- Other name: মামুন
- Occupation: Businessman
- Political party: Bangladesh Nationalist Party
- Spouse: Shahina Yasmin
- Relatives: Hafiz Ibrahim (brother); Fabia Mamoon (daughter); Jawwad Mamoon (son); Jannat Mamoon (daughter);

= Giasuddin Al Mamun =

Bangladeshi politician

Giasuddin Al Mamun is a Bangladeshi businessman. He is a friend and business partner of Tarique Rahman. Mamun owned the television channel Channel 1.

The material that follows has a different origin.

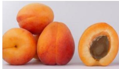
Variété Orangered (précoce)

Il existe bien d'autres variétés parmi lesquelles on peut citer Early Blush®, Bergarouge® ou encore Vanilla Cot® (ci-dessus).

He was accused in more than 19 cases relating to extortion, corruption, illegal arms possession, and tax evasion.

== Career ==
Mamoon was a school friend of Tarique Rahman. In 1991, he became a businessman with an investment of Tk. 39,000. By 1996, his wealth reached Tk. 33.94 crore with 45 banks accounts in Bangladesh and abroad. He accumulated even more money during the rule of the next BNP-led coalition government from 2001 to 2006 due to his close relations with Tarique Rahman, son of former Prime minister and BNP politician, Begum Khaleda Zia. He earned hundred of crores of taka by selling concrete poles to the Rural Electrification Board via his business firm, Khamba Ltd.

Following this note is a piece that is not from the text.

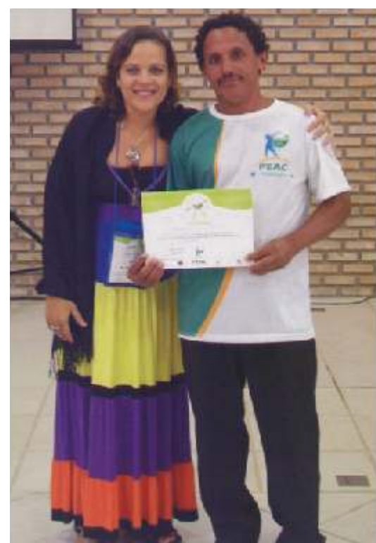
Conselheiros ao serem diplomados por representantes da UFS e da Petrobras

Atualmente, o PEAC é executado pela Petrobras juntamente com a Universidade Federal de Sergipe (UFS), entidade conveniada para atuar nos dois principais projetos do Programa: Desenvolvimento Social e Monitoramento Participativo de Desembarque Pesqueiro.

==Charges and convictions==

Mamun was arrested by the police in 2006 during the 2006–08 Bangladeshi political crisis on an illegal arms case. His house was raided and an illegal revolver was found, because of which he was sentenced to 10 years of imprisonment. The raid came after an official of Abdul Monem Limited filed a case against Mamun for taking Tk. 1.17 crore as extortion. Mamun was prosecuted by the Anti-Corruption Commission (ACC) for acquiring Tk. 101 crore beyond his known source of income in May 2007. In 2008, a court in Dhaka ordered a 10-year prison term for Mamun and 3 years for his wife, Shahina Yasmin, after the charges were proven. Yasmin surrendered to the court in April 2010 and was sent to prison. The High Court acquitted them of the charges in 2012 but the Supreme Court cancelled the High Court verdict in November 2015.

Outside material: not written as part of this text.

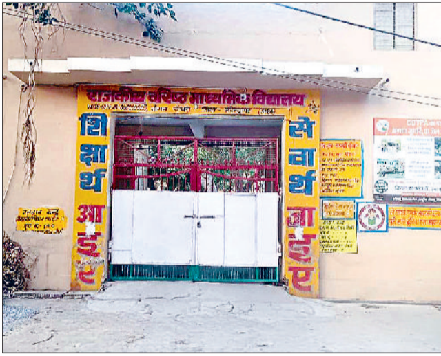
नांगल चौधरी। राजकीय वरिष्ठ विद्यालय।

In 2009, Mamun was prosecuted by ACC on a charge of laundering Tk. 204 million to Singapore. In 2011, an FBI agent, Debra Laprevotte, testified against Mamun in court. He was sentenced to seven years in jail and fined Tk. 400 million in November 2013 in a Dhaka court by Third Special Judge Motahar Hossain. His co-defendant, Tarique Rahman, was acquitted. Justice Motahar left the country soon after declaring his verdict.

In July 2016, the High Court reduced Mamun's fine to Tk 200 million. In April 2019, Mamun was further sentenced to 7 years in prison on a money laundering case in which he was convicted of laundering £400 thousand to the United Kingdom.

In June 2022, the Anti-Corruption Commission (ACC) filed a graft case accusing 21 individuals, including Mamun as managing director of One Spinning Mills Ltd. and director AHM Jahangir (alias Abu Hasan Mohammad Jahangir), of embezzling over Tk 32.67 crore from Sonali Bank via a 2004 letter of credit for machinery imports without repayment or mortgage. Mamun was granted bail on 6 August 2024. after the fall of former Prime Minister Sheikh Hasina.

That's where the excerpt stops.